▶ [Task instructions]:
Your reply should contain the whole listing below, repeated exactly, and no images.

*** Opening Data ***

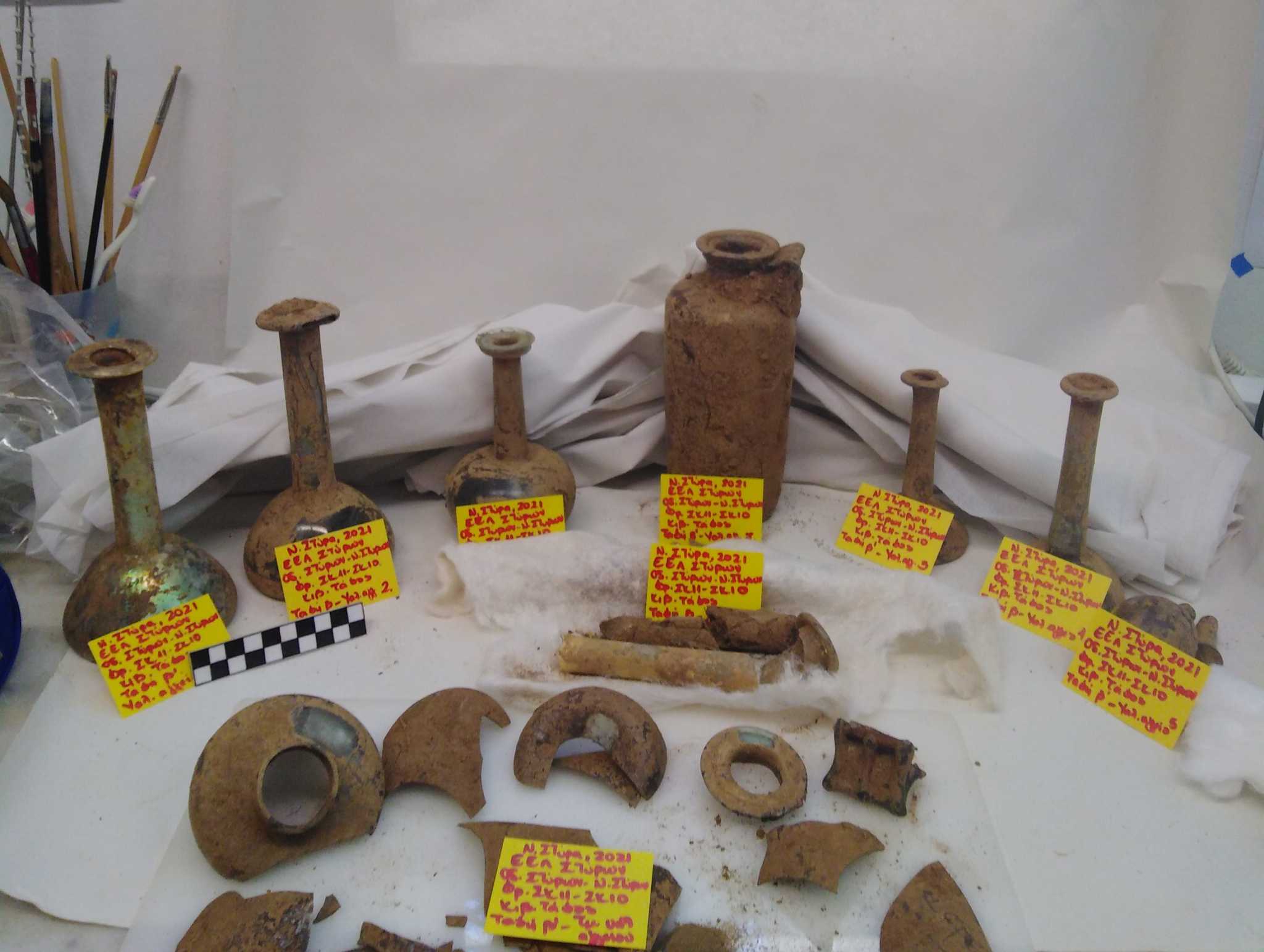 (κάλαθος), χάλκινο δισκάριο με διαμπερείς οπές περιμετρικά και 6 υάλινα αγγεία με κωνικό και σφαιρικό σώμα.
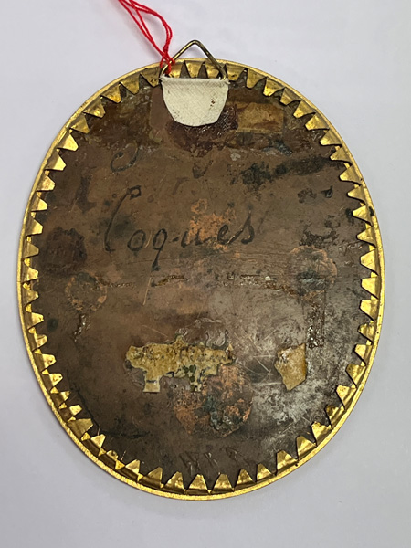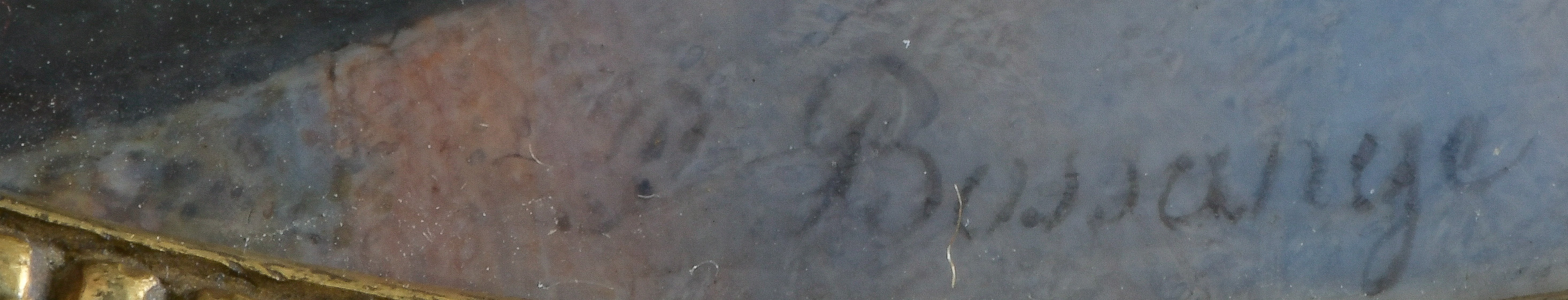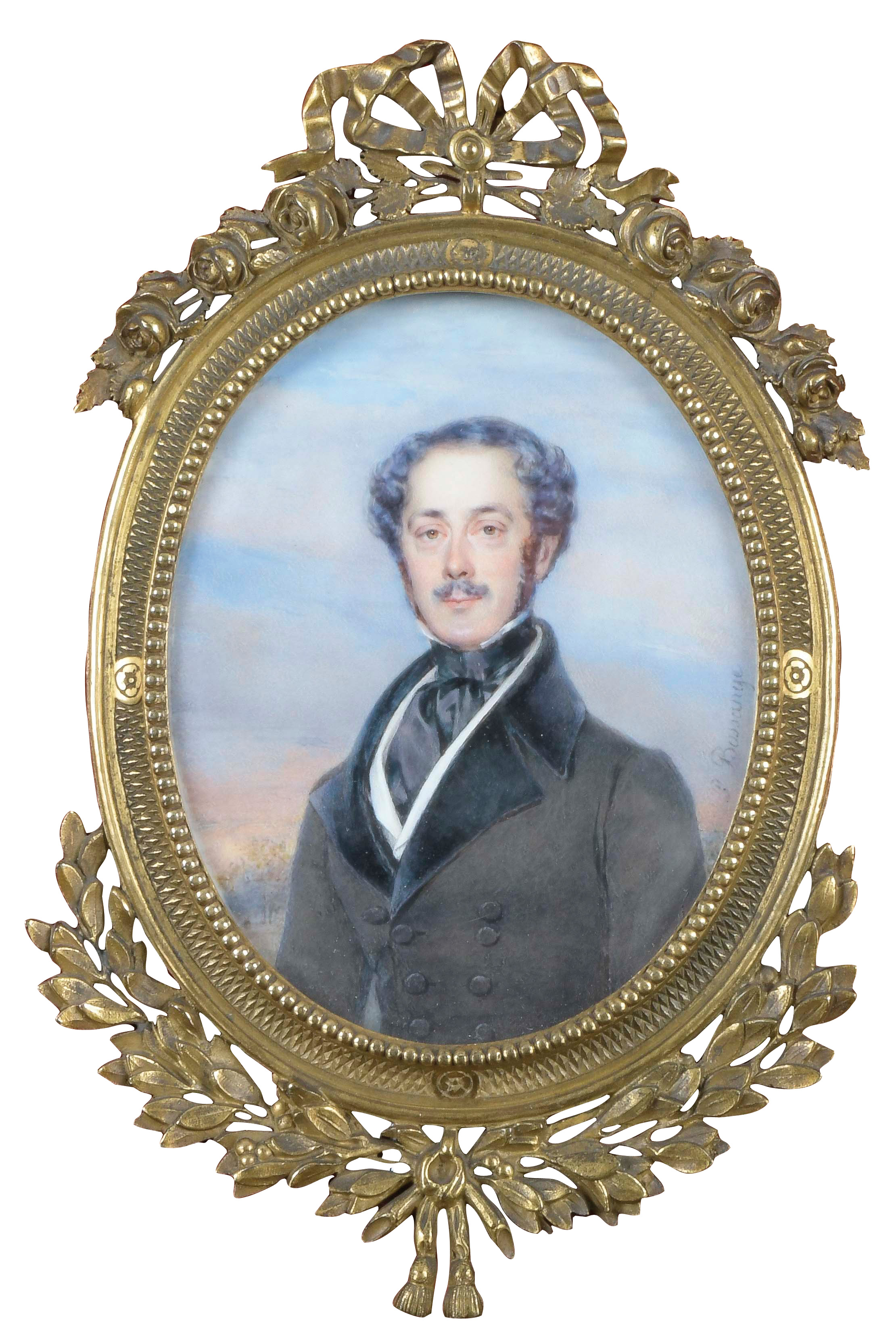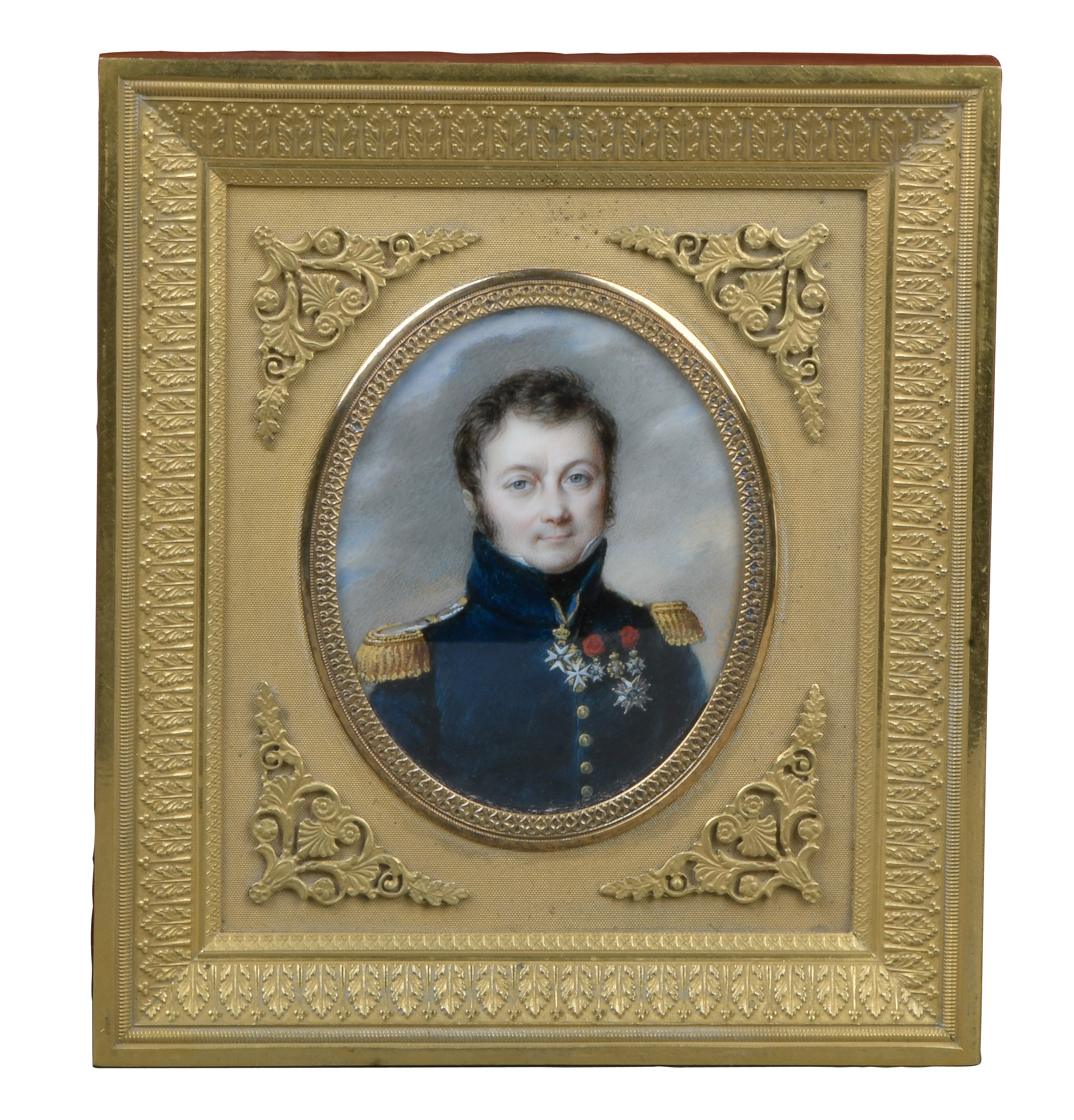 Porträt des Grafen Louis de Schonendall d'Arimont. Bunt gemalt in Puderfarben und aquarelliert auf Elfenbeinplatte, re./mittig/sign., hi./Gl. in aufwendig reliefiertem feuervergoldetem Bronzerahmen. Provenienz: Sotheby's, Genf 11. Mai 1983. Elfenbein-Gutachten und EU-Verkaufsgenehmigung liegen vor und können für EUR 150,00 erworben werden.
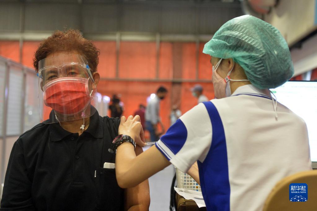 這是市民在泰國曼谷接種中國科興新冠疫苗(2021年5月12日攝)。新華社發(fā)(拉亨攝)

*** Closing Data ***

▶ [Answer]:
 (κάλαθος), χάλκινο δισκάριο με διαμπερείς οπές περιμετρικά και 6 υάλινα αγγεία με κωνικό και σφαιρικό σώμα.
 Porträt des Grafen Louis de Schonendall d'Arimont. Bunt gemalt in Puderfarben und aquarelliert auf Elfenbeinplatte, re./mittig/sign., hi./Gl. in aufwendig reliefiertem feuervergoldetem Bronzerahmen. Provenienz: Sotheby's, Genf 11. Mai 1983. Elfenbein-Gutachten und EU-Verkaufsgenehmigung liegen vor und können für EUR 150,00 erworben werden.
 這是市民在泰國曼谷接種中國科興新冠疫苗(2021年5月12日攝)。新華社發(fā)(拉亨攝)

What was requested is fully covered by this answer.